As of the 26th of September, compared to the last checkpoint 640 commits have been made so we're now at 1340 commits! Here are the key metrics:

I still haven't identified all the functions that exist in the game and need to be done. Regardless, using the same formula from the last checkpoint I can say the progress is between 25% and 34%. In the following sections I'll outline the main accomplishments and learnings.

File Loading

The first system to tackle was file loading as I've had previous experience hooking into it to load files directly from disk - video showcase.

All the game's contents are stored in two files: data.pkr and movie.pkr. PKR is a container format used by the Dreamcast and PC ports of the game whose contents can be compressed. By decompiling the PKR related methods I've come to realize that my previous blog post about the PKR file format is incomplete. In the post, I describe the field compressed as only having two possible values:

This is correct, but the field is actually an index for a table of decompression methods.

The game uses Zlib 1.1.3 which can be conveniently acquired on the Zlib fossils index. Fun fact: the next version of Zlib, 1.1.4, only came 4 years later. The reason I didn't want to upgrade is that I wanted to keep the number of variables to a minimum. Additionally, it still builds straight out of the box on modern operating systems and using modern compilers which cannot be said for other software from that era (never managed to build GCC 2.x with a modern GCC without any patches).

Interestingly, I could not use the Zlib built with the Microsoft's Visual C++ 6 on the more modern Visual C++ due to lacking SAFESEH which is a feature that came later. For that reason in the repository I have safesehzlib.lib and zlib.lib.

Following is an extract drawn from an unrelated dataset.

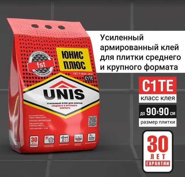 Усиленный клеевой состав для укладки любых видов керамической плитки, клинкерной плитки, плит из природного и искусственного камня, керамогранита среднего и крупного формата (до 90х90 см) на стены и полы в любых помещениях: влажных, сухих, промерзающих и отапливаемых. Клей также подходит для наружных работ, облицовки фасадов и цоколей зданий. «ЮНИС ПЛЮС» рекомендуется для сложных задач: для системы «Тёплый пол», для крепления керамогранита на фасад, укладки поверх старой плитки («плитка на плитку»).

A library built in debug mode

Most PKR handling routines present in the executable were part of an external library, which was most likely called LIBPKR. This is deduced from the fact the main type exposed is LIBPKR_HANDLE. A factor that strongly hints at the routines being external to the game source tree is that their assembly is quite verbose. The function epilogues and prologues are lengthy and take care of the frame pointer. Omitting the frame pointer is one of the first optimizations and one of the simplest way to get easy performance gains (less code, the better). The library also includes logic to append files to PKR containers, but its logic is never triggered. Therefore I didn't even attempt to decompile these methods as they bring little to no value to making the game playable.

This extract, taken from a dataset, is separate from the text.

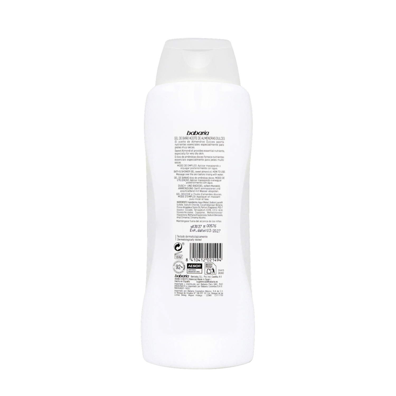 Gel De Baño Con Aceite De Almendras Dulces Cream Sensations BABARIA 600 Ml

Armed with the fact there might be a PKR handling library floating around I started to look into other games that use the PKR container - Tony Hawk Pro Skater 2 and Matt Hoffman's Pro BMX - to see if there's more information or accidentally included documentation but no luck. All these games use Neversoft's Big Guns Engine and were ported to PC by LTI Gray Matter. Pro BMX was the only game not developed by Neversoft, but by Shaba Games (the studio that later made Spider-Man: Shattered Dimensions). It seems Activision saw Neversoft's success and started to push its other studios to use the same engine.

Still, it's unclear who developed the PKR format since the format only shows up in the ports and not in the original game. The version I'm decompiling is a port of a port; first it was ported to the Dreamcast by Treyarch (that made all Spider-Man movie tie-in games and Ultimate Spider-Man) and then ported to the PC by LTI Gray Matter. The reason why I don't believe it was Treyarch is that the first Spider-Man movie game was released the very next year and uses a different container format. Although knowing who created the format doesn't help much, having a standalone version could've been useful.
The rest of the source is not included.